• What you are asked to do
Look below for the line with "y acero inoxidable" and the line with "玩家可以借助跳台提升自行车的". Copy exactly those two lines and every line between, but not the pictures.

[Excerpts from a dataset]
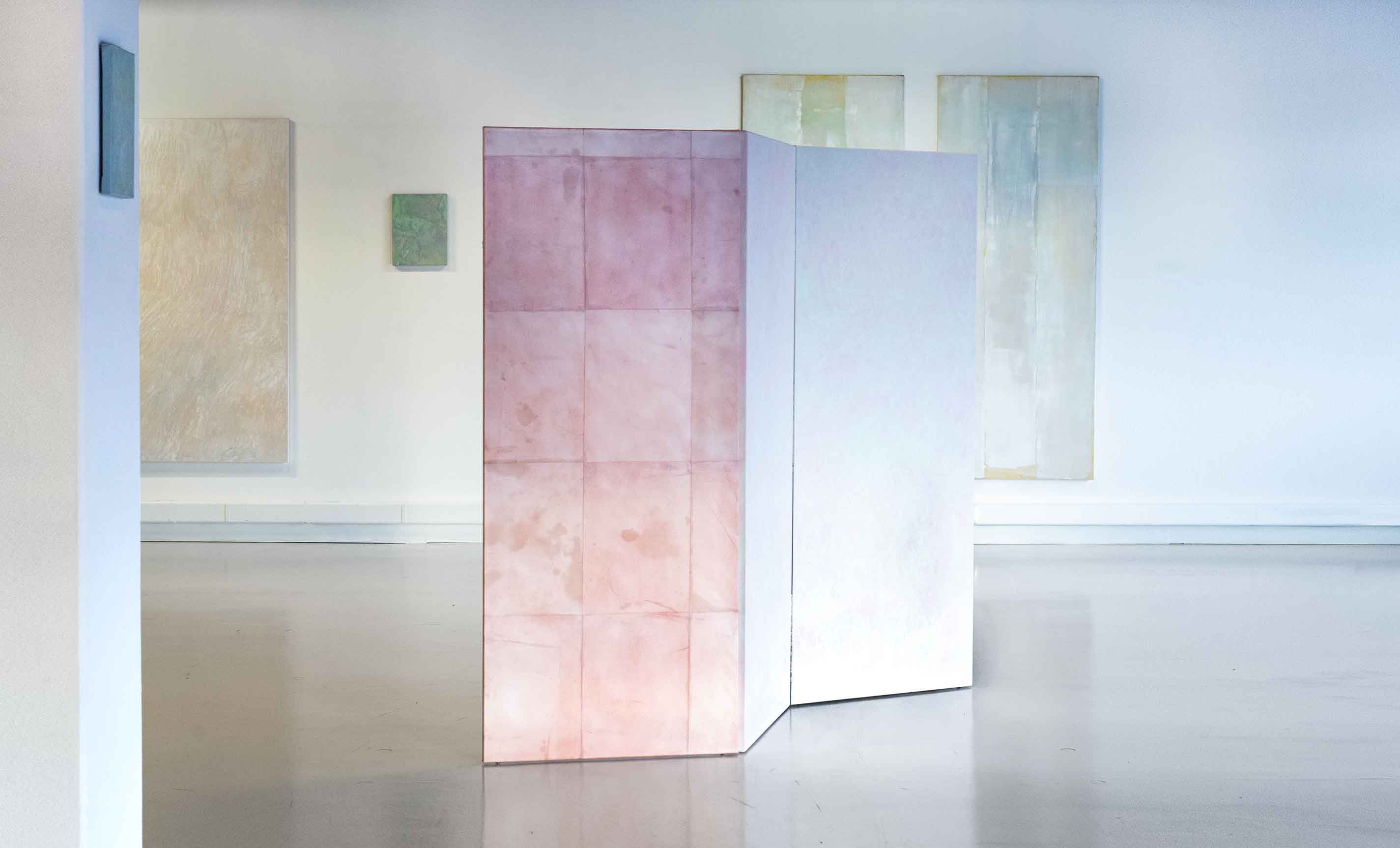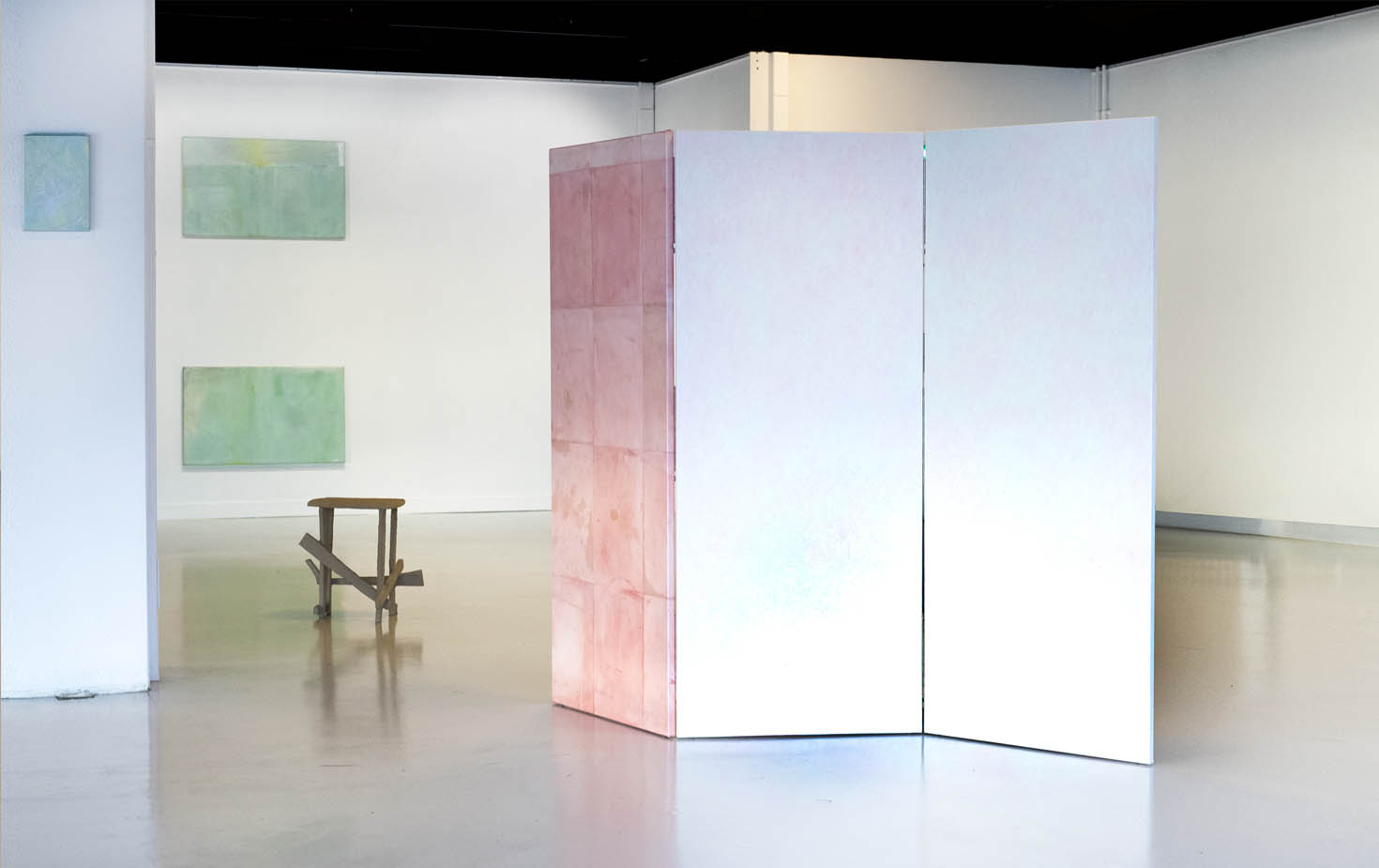 L’exposition CIEL BAVE NACRE est née de la rencontre et des porosités entre les travaux de Kelly Weiss, Iwan Warnet et Margaux Janisset. Tou·te·s trois travaillent la peinture avec une attention portée à la fabrication du geste, à un certain retrait de la main qui crée. Les toiles et les oeuvres in situ dialoguent avec les caractéristiques du lieu d’exposition et proposent au regardeur une expérience sensible des qualités de surfaces, dans un espace où les variations de lumière agissent sur leurs perceptions.
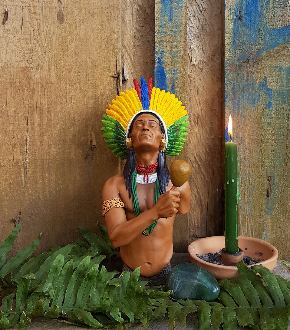 Foram muitas semanas de estudos sobre a anatomia dos povos originários brasileiros, especialmente de seus rostos. Existem mais de 200 etnias indígenas no Brasil, como Grarani, Ticuna, Ianomãmi, Xavante, Pataxó, Potiguara e Tupinambá, para citar alguns. É possível notar com facilidade as diferenças e particularidades anatômicas de cada etnia. Enquanto uns tem o rosto mais redondo, outros trazem um nariz mais largo ou as linhas dos olhos mais delicados, por exemplo. Procurei ser fiel não aos traços específicos de apenas um homem ou uma etnia, mas me aproximar o máximo possível de sua energia e, mais do que tudo, de seu posicionamento frente às adversidades da vida. Para tudo há uma cura e muitas vezes ela está dentro de nós, em profunda conexão com o sagrado.
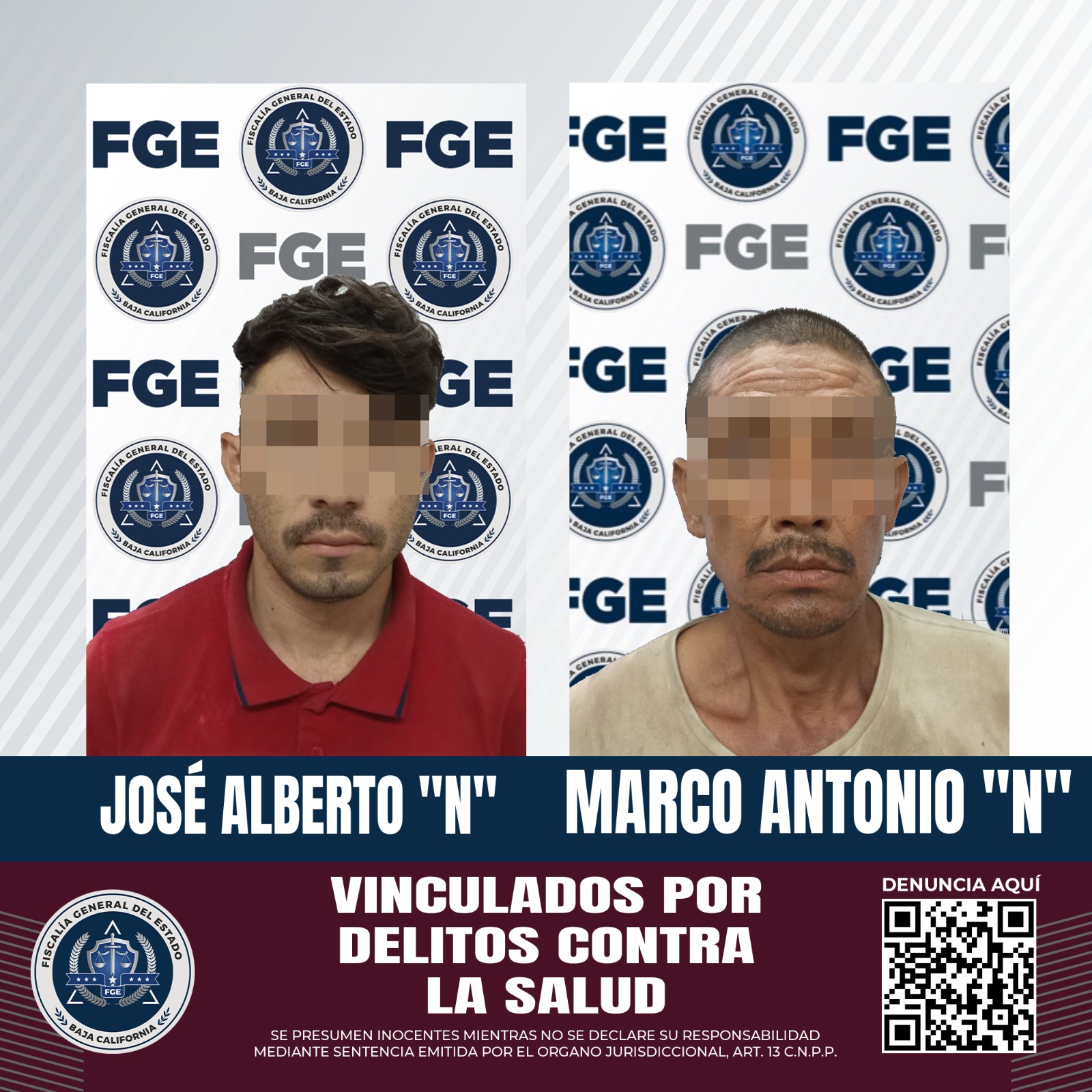 MEXICALI, B.C. Después de presentar las carpetas de investigación con los elementos de prueba suficientes, la Fiscalía General del Estado logró que dos presuntos distribuidores de droga fueran vinculados a proceso.
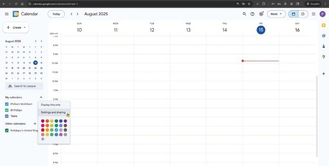 First, log into your Google Calendar at https://calendar.google.com. Then, in the left-hand pane, click to expand the My Calendars section. Ensure the calendar you want to share is ticked, then hover your cursor over its name to reveal the Options menu icon (three dots). Click this, then choose ‘Settings and sharing’ (see screenshot above).
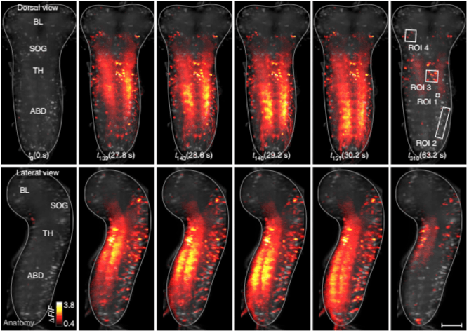 - Using the new equipment, the researchers were able to capture more than 10,000 neurons firing in Drosophila larvae while the central nervous system was artificially excited in patterns that mimicked crawling backward and forward.
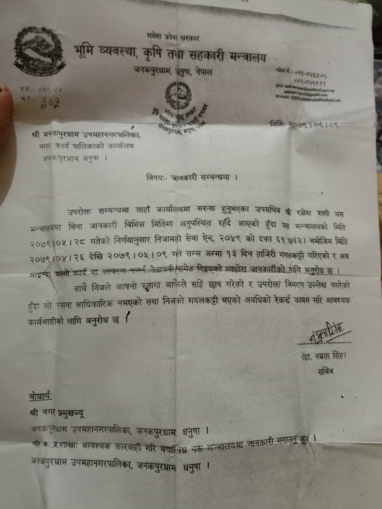 जनकपुरधाम उपमहानगरपालिकाको कार्यालयमा जान लालायित रहेका उपसचिव शशीलाई कारवाही गर्न मधेस प्रदेशको भूमि व्यवस्था, कृषि तथा सहकारी मन्त्रालयले पत्र काटेको छ ।
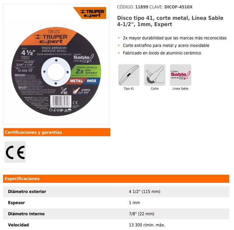 y acero inoxidable de 115 x 0.75 x 22.23, IMPERIAL
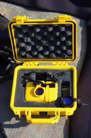 camera in waterproof case inside rugged padded waterproof case with lens? and extras
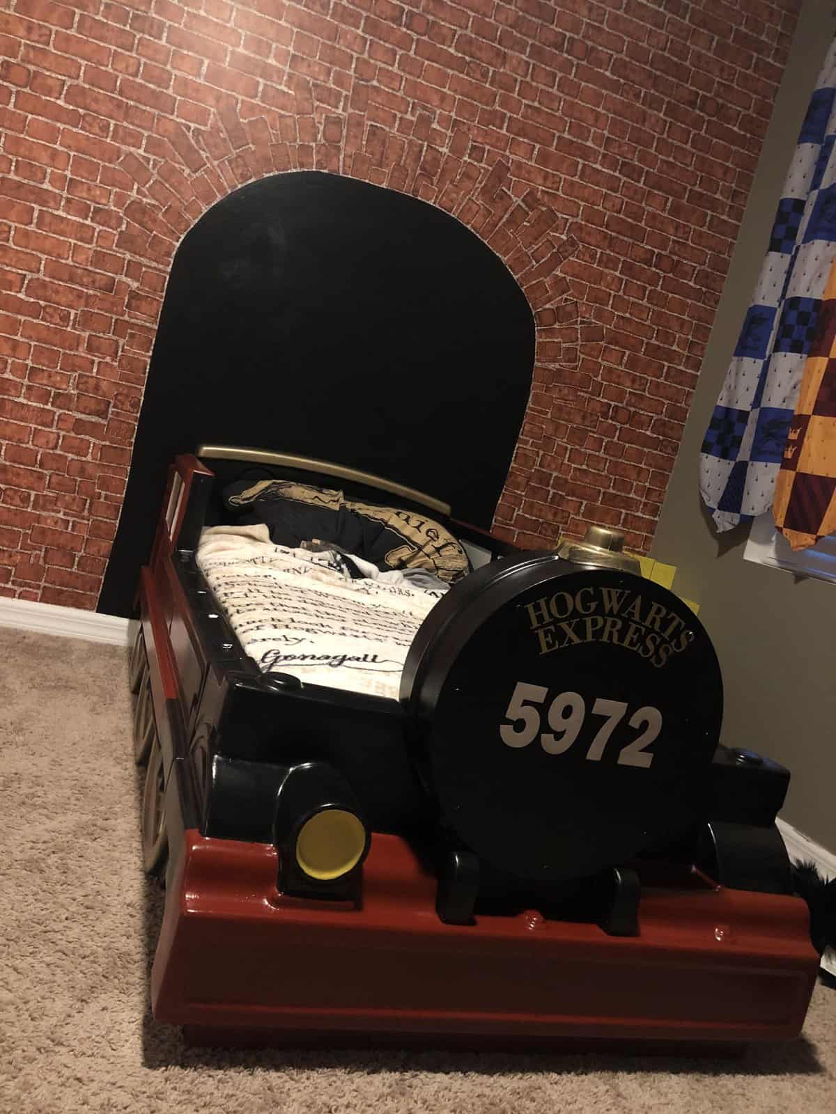 (for those wishing to create their own Hogwarts Express bed: Thomas toddler bed)
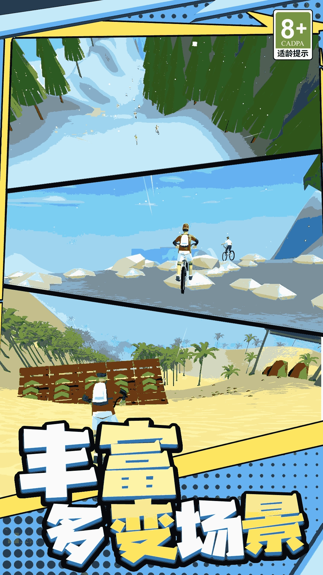 玩家可以借助跳台提升自行车的行进速度,同时还能利用多种特殊装置,以此在比赛中获得优势。
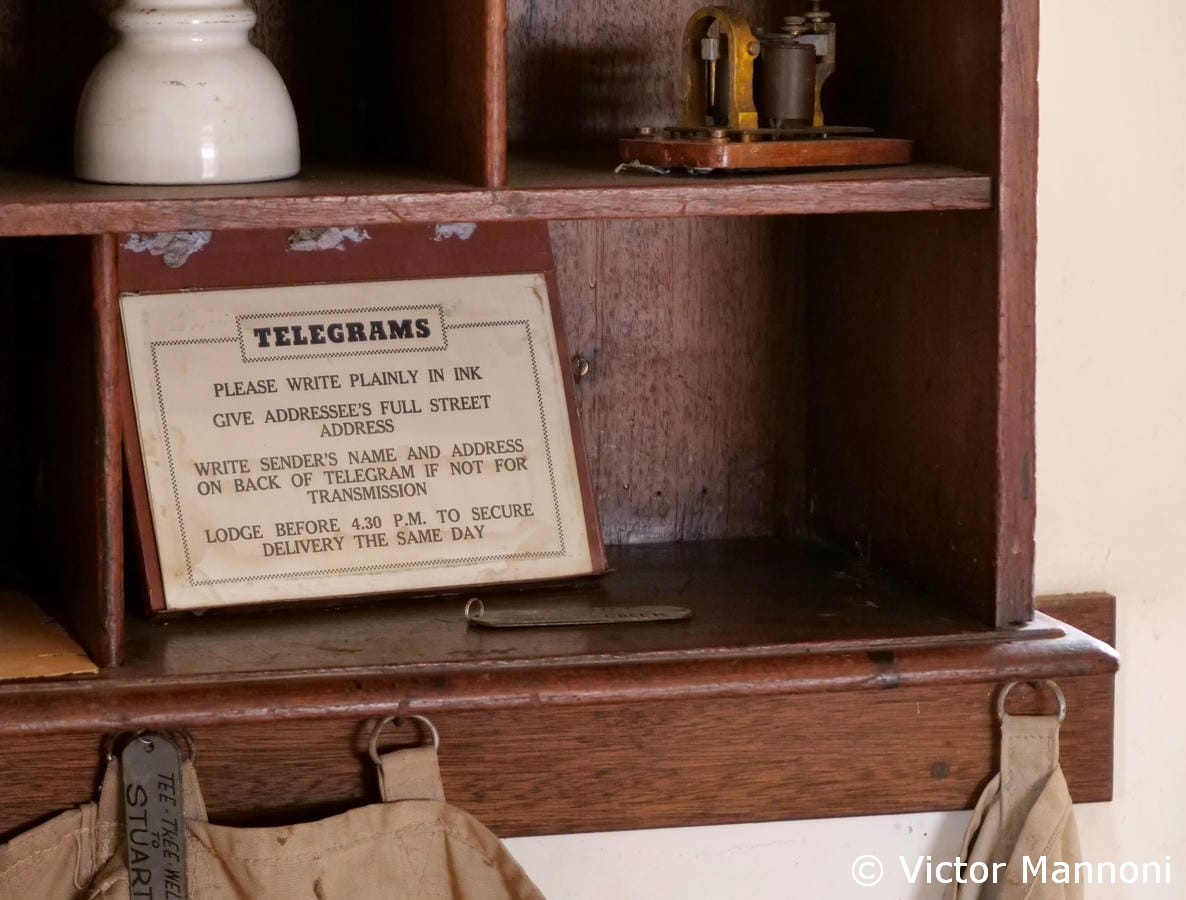 En milieu d’après-midi, je reviens vers le nord de la ville pour visiter la Telegraph Station (F). L’endroit n’a rien de spectaculaire, mais il reste hautement symbolique : c’est ici, autour de cette ancienne station de télégraphe, qu’Alice Springs a vu le jour. L’exposition est modeste, mais elle permet de saisir l’importance historique du lieu dans les débuts des communications en plein désert australien.

• Task output
 y acero inoxidable de 115 x 0.75 x 22.23, IMPERIAL
 camera in waterproof case inside rugged padded waterproof case with lens? and extras
 (for those wishing to create their own Hogwarts Express bed: Thomas toddler bed)
 玩家可以借助跳台提升自行车的行进速度,同时还能利用多种特殊装置,以此在比赛中获得优势。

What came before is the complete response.